С  разрывом  сообщения  рвется  и  жизненный  нерв.  Город  полагается
на  склады.  Но  склад  не  может  ничего  производить.  Город  не  может
не только прокормить, но и одеть, согреть и дать кров.
Наконец, расходы в частной и общественной жизни настолько выросли,
что  их  едва  возможно  выдержать.  Они  образуют  такой  высокий  налог
на  жизнь,  что  ничего  не  бывает  в  избытке.  Политики  так  легко  занимали
деньги,  что  в  высшей  степени  напрягли  городские  средства.  В  течение
последних  десяти  лет  административные  расходы  каждого  нашего  города
чудовищно  увеличились.  Бо́льшая  часть  этих  расходов  состоит
из процентов по ссудам, которые пошли либо на камни, кирпичи и известь,
либо  на  необходимое  для  городской  жизни,  но  слишком  дорогое
коммунальное хозяйство с его водопроводом и канализацией.
Расходы,
связанные
с
эксплуатацией
всех
этих
полезных
приспособлений,  с  транспортом,  соединяющим  перенаселенные  округа,
гораздо  больше  выгод,  которые  большие  города  предоставляют  людям.

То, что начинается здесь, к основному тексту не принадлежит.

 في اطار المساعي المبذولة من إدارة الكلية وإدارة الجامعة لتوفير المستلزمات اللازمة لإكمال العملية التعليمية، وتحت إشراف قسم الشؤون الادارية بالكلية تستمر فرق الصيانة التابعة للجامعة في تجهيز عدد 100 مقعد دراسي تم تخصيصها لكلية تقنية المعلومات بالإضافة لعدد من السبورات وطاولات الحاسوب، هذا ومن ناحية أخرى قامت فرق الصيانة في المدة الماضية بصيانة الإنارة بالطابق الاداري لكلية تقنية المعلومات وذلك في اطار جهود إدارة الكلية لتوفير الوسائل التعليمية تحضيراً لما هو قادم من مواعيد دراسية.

Современный город расточителен: сегодня он банкрот, а завтра перестанет
существовать.
Подготовка  к  строительству  большого  количества  более  дешевых
и  легко  доступных  производственных  установок,  которые  могут
создаваться не все за раз, а по мере необходимости, будет больше, чем что
бы  то  ни  было,  способствовать  повсеместному  утверждению  жизни
на  разумных  основаниях  и  изгнанию  из  мира  расточительности,
порождающей  бедность.  Источников  энергии  много.  Там,  где  поблизости
есть залежи угля, ток может вырабатывать паровая электростанция. Где-то
лучшим  решением  будет  гидроэлектростанция.  Но  везде  должна  быть

центральная станция, которая снабжала бы всех дешевой электроэнергией.
Это  должно  бы  быть  столь  же  очевидным,  как  железная  дорога  или
водопровод.  И  все  эти  грандиозные  ресурсы  могли  бы  без  всяких
затруднений  служить  обществу,  если  бы  на  пути  не  стояли  высокие,
связанные  с  накоплением  капитала  расходы.  Я  думаю,  нам  следует
подвергнуть детальной ревизии наши взгляды на капитал!

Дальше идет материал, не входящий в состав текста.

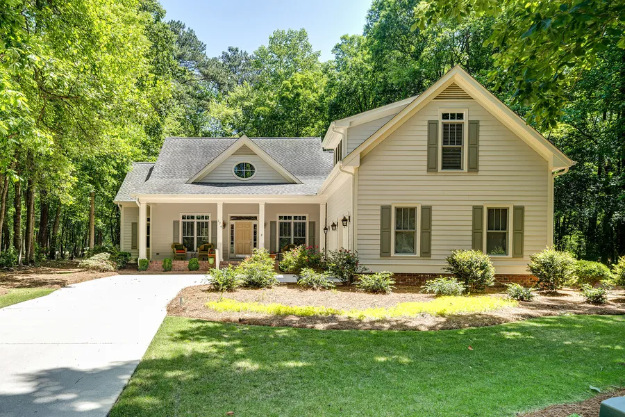 Located within the beautiful gated golf course community of River Landing, this immaculately crafted southern living home is neatly situated at the end of a quiet cul-de-sac within steps of the shaded walking path that runs throughout the community. The home was constructed with master craftsmanship and custom trim work, featuring chair rail picture frame wainscoting, transom windows, and hardwood floors throughout the downstairs. Designed with flexible use of space, the home features three bedrooms downstairs (one or two of which could be used as a home office) and a full second story with two bedrooms, a large bonus room, and an additional common sitting area complete with built in cabinets and a wet bar. The primary bedroom is located on the first floor with plenty of room for a seating area, a large walk-in closet with custom wood shelving, several large windows providing an abundanc...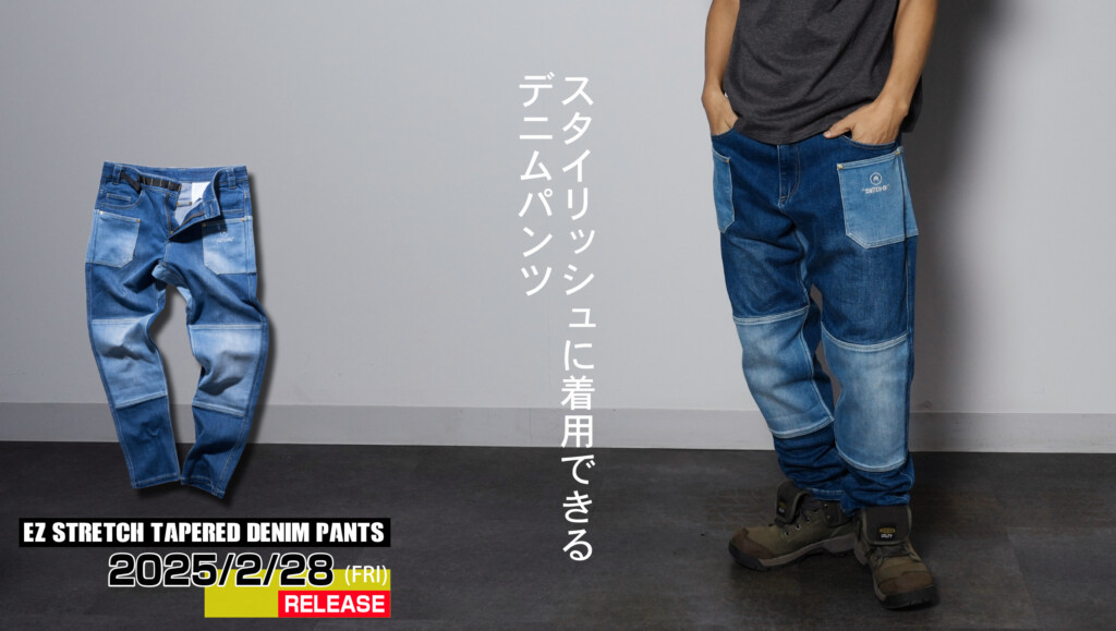SWITCH-ON公式「ez ストレッチ テイパード デニム パンツ」詳細ページはこちら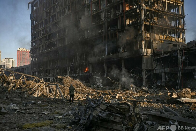 【3月21日 AFP】(写真追加)ウクライナの首都キエフで20日夜、北西部にあるショッピングセンターが攻撃を受け、少なくとも6人が死亡した。AFP記者が21日、確認した。

Капитал,  приносимый  производством,  который  помогает  рабочему
повышать  свое  благосостояние,  даже  сосредоточенный  в  одних  руках,
не  представляет  для  общества  опасности.  Ведь  это  не  что  иное,  как  фонд,
доверенный  обществом  одному  человеку  и  служащий  общественному
благу.  Обладатель  капитала  не  может  считать  его  своей  собственностью.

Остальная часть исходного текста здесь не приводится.